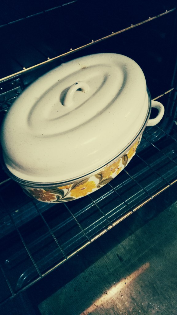 I set the butter and chocolate to melt, then put on a pot of rice and chopped an onion. Once the butter and chocolate had melted I finished putting together brownies and put them in the oven. Then I mixed up the meatloaf in a big bowl. Before putting the meatloaf in the loafpan to bake I pulled out 2 handfulls of meatloaf mix, tossed them in a pan to scramble, made 2 hamburger patties and THEN put the meatloaf in the pan to bake as I pulled the brownies out, setting them aside to cool. As the meat was scrambling/browning I put the rice in a casserole and once the meat was brown put 1/2 of it on top of the rice, opened a can of spaghetti sauce, put it on top of that and put a bunch of shredded cheese on top before popping that in the oven with the meatloaf. Then I put a can of vegetable beef soup in with the rest of the scrambled meat, rinsed the can with wine and added Worcestershire and other flavours to make filling for my lunch pasties. As that simmered down I fried up the hamburgers, added whatever cheese we felt like that night (cheddar, Gouda, Swiss, provolone…), made a quick wine reduction from the pan drippings to pour over the burgers and sat down to dinner. I might have tossed some frozen tater tots in the oven earlier with the brownies…they’d be nice, too, but not essential. After dinner I finished making lunches and we finished our visit as I portioned the casserole out into single-serving containers to freeze for later meals. The next day I had meatloaf for dinner with mashed potatoes and a salad from the garden. The night after that I made stroganoff from the meatloaf leftovers (cut up) with cream of mushroom soup, a little wine and Worcestershire sauce (again). Sometimes I mix in a little Kitchen Magician or other caramelized browning aid to make it darker. Instead of serving over noodles I just mix it all in with the boiled and drained noodles as a one-pot dinner. Sneaking in some peas or broccoli doesn’t hurt but isn’t necessary. The leftovers from this ate put into single-serving containers and frozen for later meals.
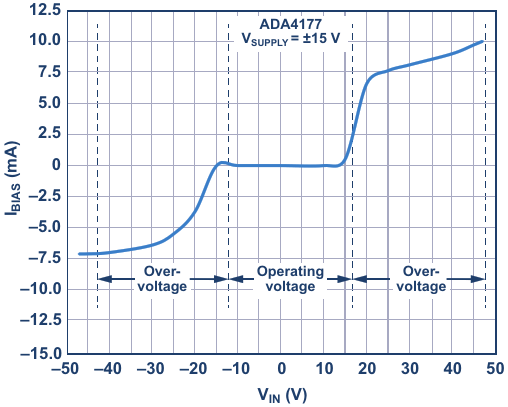 ADA4177 input bias current is restricted as overvoltage increases
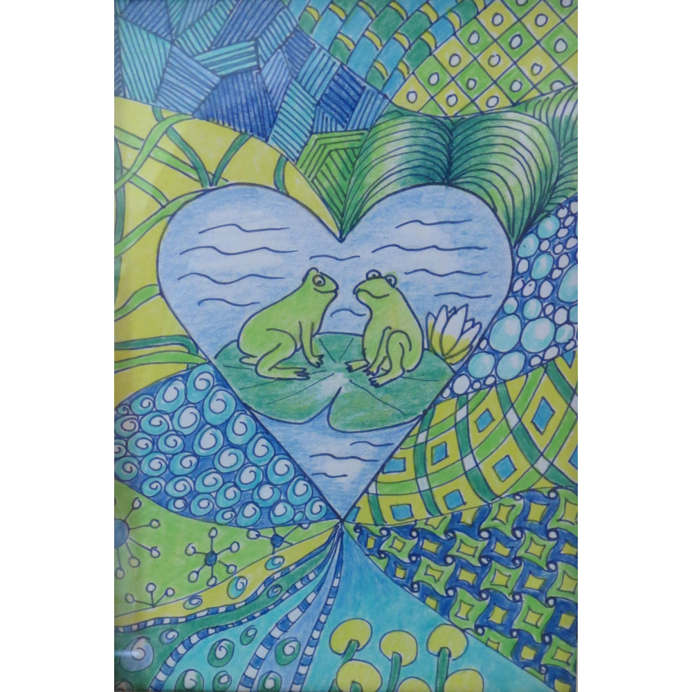 Kikkers, potloodtekening, 22 x 17 cm (inclusief lijst)
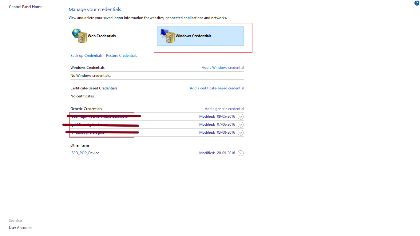 如果窗口出现问题,则从windows历史记录中删除凭据。
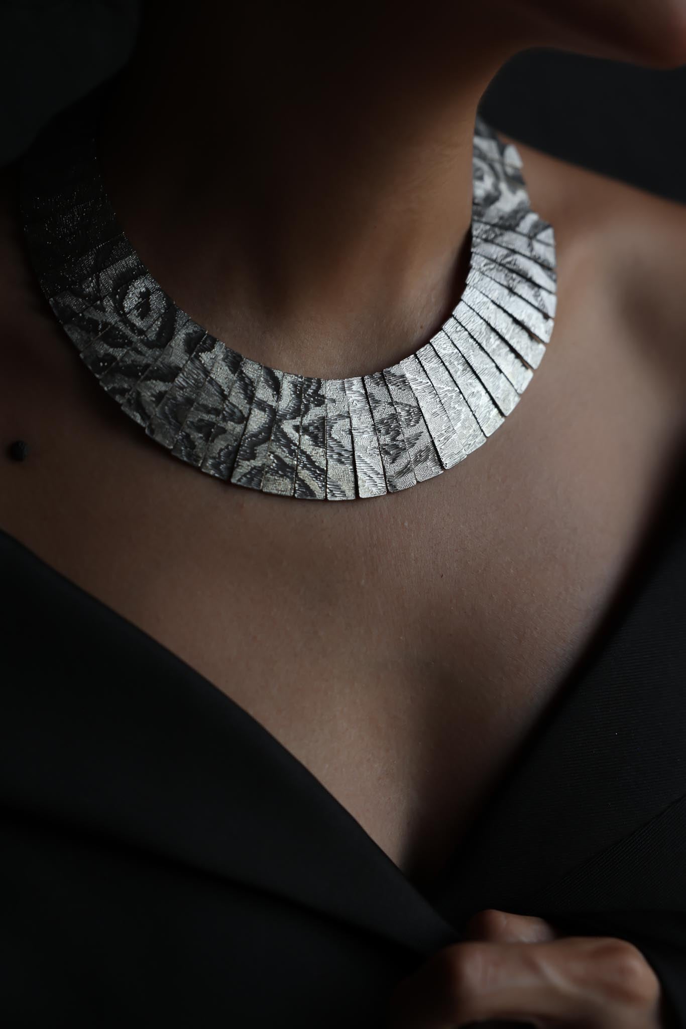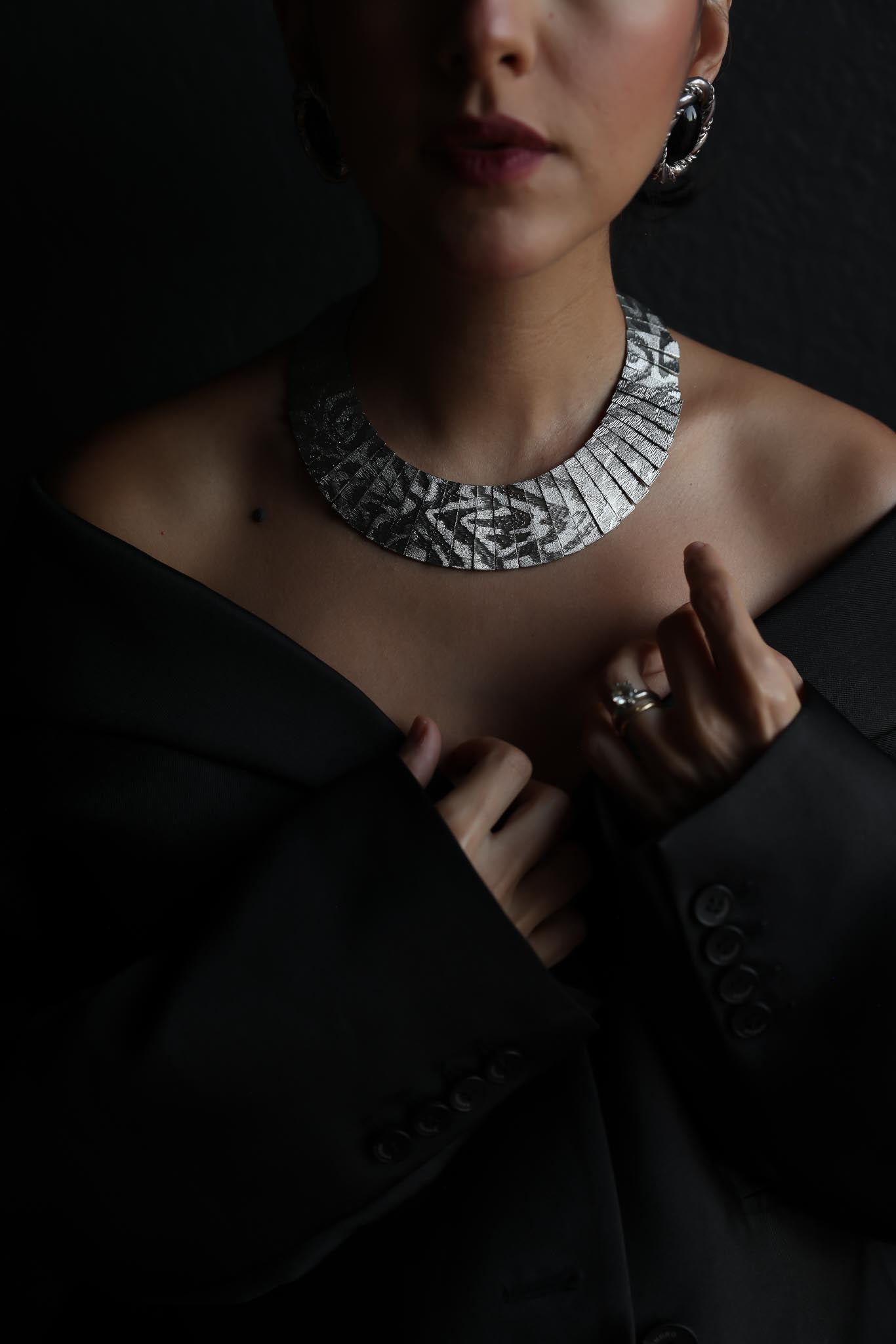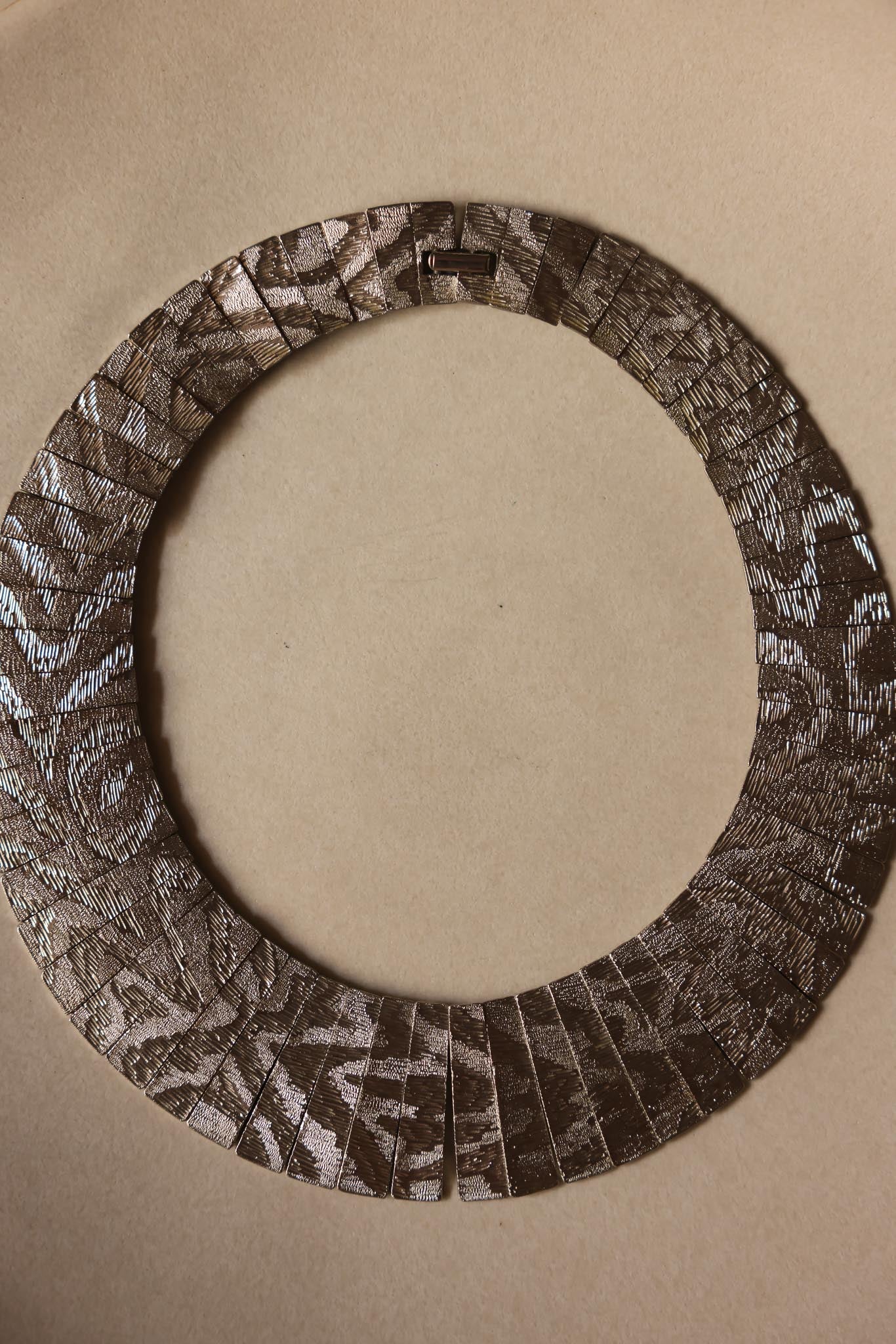 Unsigned Les Bernard silvertone collar necklace featuring a bold, textured design with an intricate geometric pattern. The necklace measures 17.5 inches long and weighs 178g, giving it a substantial and dramatic presence. A striking example of Les Bernard’s craftsmanship, this piece makes a powerful statement and pairs beautifully with both evening wear and modern tailoring.
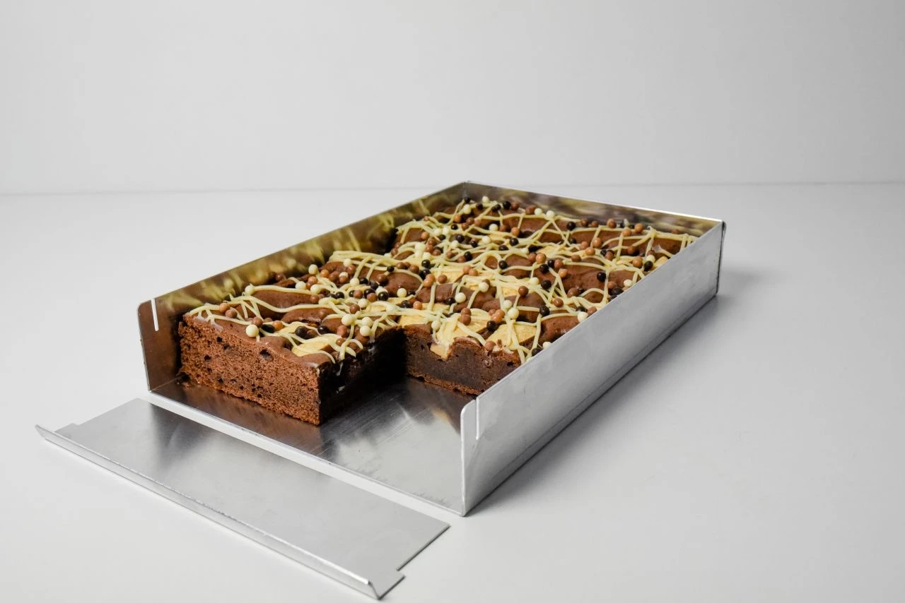 Wer dicke Blechkuchen liebt, kommt um dieses Schnittenblech nicht herum. Das Aluminiumblech mit abnehmbarer Vorsatzschiene passt mit seinen Maßen und dem 5 cm hohen Rand in jeden Küchenherd. Sahne- und Cremeschnitten sowie Blechkuchen gelingen Ihnen damit garantiert.
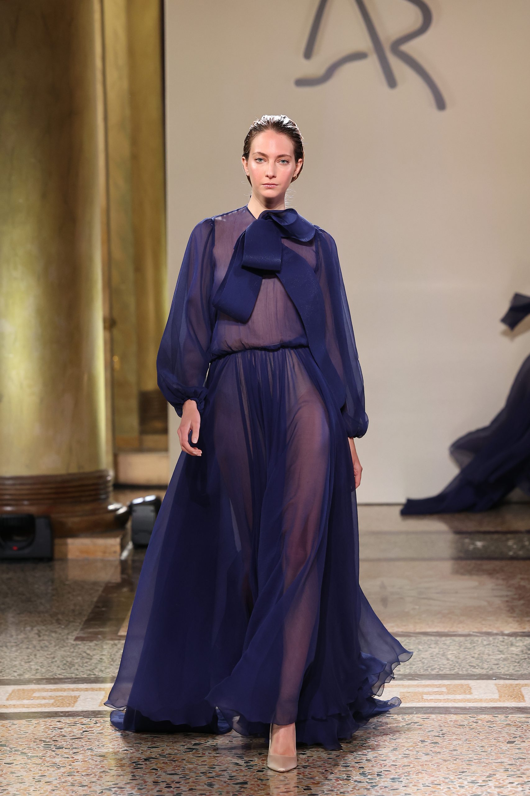 Creazioni fuori dal tempo, fluttuanti ed eteree, realizzate in colori tenui e tessuti see through, sono il tocco iniziale nella nuova capsule della collezione Atelier. La palette colori, dal blu cenere all’azzurro fino al nude agisce con la luce per restituire la sensazione di tridimensionalità. Antonio Riva gioca con i tessuti e le lavorazioni, dal creponne ai ricami a mano per finire con il mikado, offrendo una sensazione di delicata raffinatezza. Crini, jacquard e pizzi aggiungono texture ai capi e conferiscono un effetto romantico e misterioso.Il percorso, in continuo sviluppo, è confermato da una solida presenza sul territorio dove la Maison vanta a Milano l’Officina Creativa, in via della Moscova e l’Atelier a Palazzo Toschi Corneliani in Corso Venezia e, a Roma, l’Atelier a Palazzo Grazioli in via del Plebiscito, oltre alla Manifattura di Garlate, sul Lago di Como, dedicata alla produzione degli abiti da sposa.
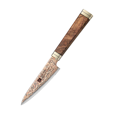 Xinzuo มีดปอกผลไม้เหล็กดามัสกัสใช้ในครัวทำมือด้ามไม้โอ๊คสีขาวเผา
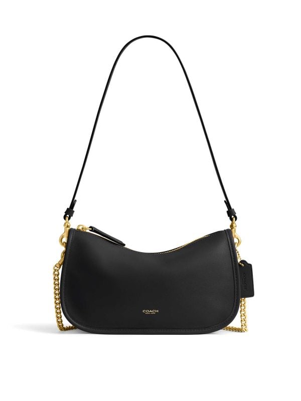 The Waverly Crescent Shoulder Bag is a compact, curved silhouette from Coach. It is crafted from smooth leather and finished with gold-tone hardware, featuring a detachable chain strap and an adjustable leather shoulder strap for versatile wear. A top zip secures the main compartment while a small embossed Coach logo marks the front. Compact proportions make it easy to carry from day to night, converting between shoulder and crossbody styles to suit different looks and needs.
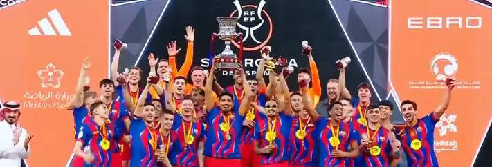 拉菲尼亚封神之夜!巴萨3-2逆转皇马勇夺西超杯,西甲冠军呼之欲出?
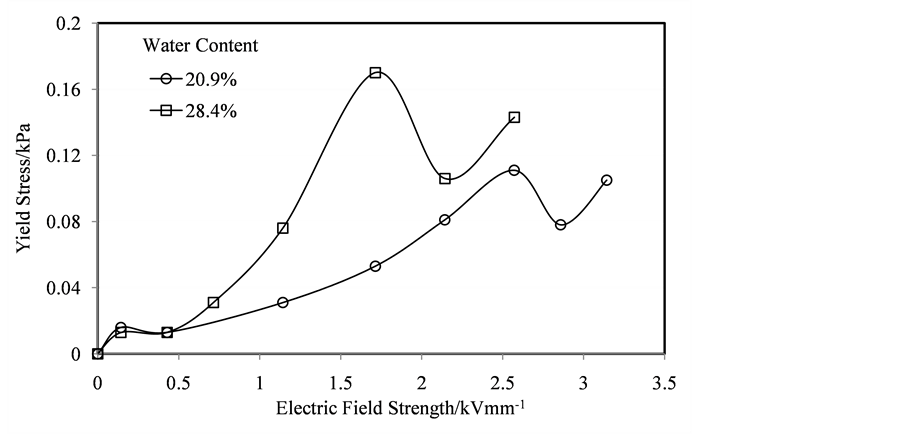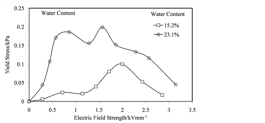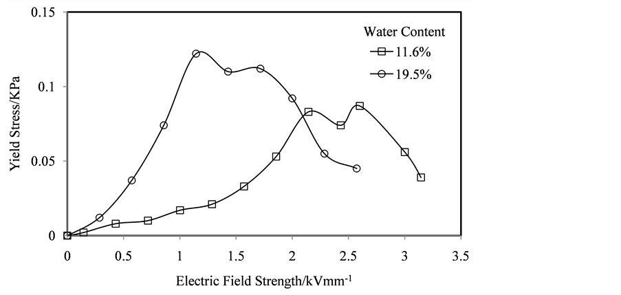 tric fields as the water content increases, a similar effect was observed by Deinega and Vinogradov [10] for the studies of the influence of hydration of disperse phase in hydrocarbon phase on ERE. In their plot of stress versus water content, they observed that as moisture content increased, the ERE increased, reached a maximum and then fell sharply; the maximum grew and moved towards smaller humidity values. The results here also confirm that the more the electric field was applied, the yield stress dropped. The positions of the maxima and shifts due to water content are given in Table 1. Although estimates were made, it is, however, incorrect to determine and compare the maxima and shifts using electric field values because the curves are non-symmetrical, broad and have fluctuations. It was not possible to determine how much the yield stress increased with

○ ○ ○ ○ ○ ○ ○

Within these entries, output exactly the lines starting at the one with "Kikkers, potloodtekening, 22" and finishing at the one with "Creazioni fuori dal". Leave pictures out of the output.

● **The answer**
 Kikkers, potloodtekening, 22 x 17 cm (inclusief lijst)
 如果窗口出现问题,则从windows历史记录中删除凭据。
 Unsigned Les Bernard silvertone collar necklace featuring a bold, textured design with an intricate geometric pattern. The necklace measures 17.5 inches long and weighs 178g, giving it a substantial and dramatic presence. A striking example of Les Bernard’s craftsmanship, this piece makes a powerful statement and pairs beautifully with both evening wear and modern tailoring.
 Wer dicke Blechkuchen liebt, kommt um dieses Schnittenblech nicht herum. Das Aluminiumblech mit abnehmbarer Vorsatzschiene passt mit seinen Maßen und dem 5 cm hohen Rand in jeden Küchenherd. Sahne- und Cremeschnitten sowie Blechkuchen gelingen Ihnen damit garantiert.
 Creazioni fuori dal tempo, fluttuanti ed eteree, realizzate in colori tenui e tessuti see through, sono il tocco iniziale nella nuova capsule della collezione Atelier. La palette colori, dal blu cenere all’azzurro fino al nude agisce con la luce per restituire la sensazione di tridimensionalità. Antonio Riva gioca con i tessuti e le lavorazioni, dal creponne ai ricami a mano per finire con il mikado, offrendo una sensazione di delicata raffinatezza. Crini, jacquard e pizzi aggiungono texture ai capi e conferiscono un effetto romantico e misterioso.Il percorso, in continuo sviluppo, è confermato da una solida presenza sul territorio dove la Maison vanta a Milano l’Officina Creativa, in via della Moscova e l’Atelier a Palazzo Toschi Corneliani in Corso Venezia e, a Roma, l’Atelier a Palazzo Grazioli in via del Plebiscito, oltre alla Manifattura di Garlate, sul Lago di Como, dedicata alla produzione degli abiti da sposa.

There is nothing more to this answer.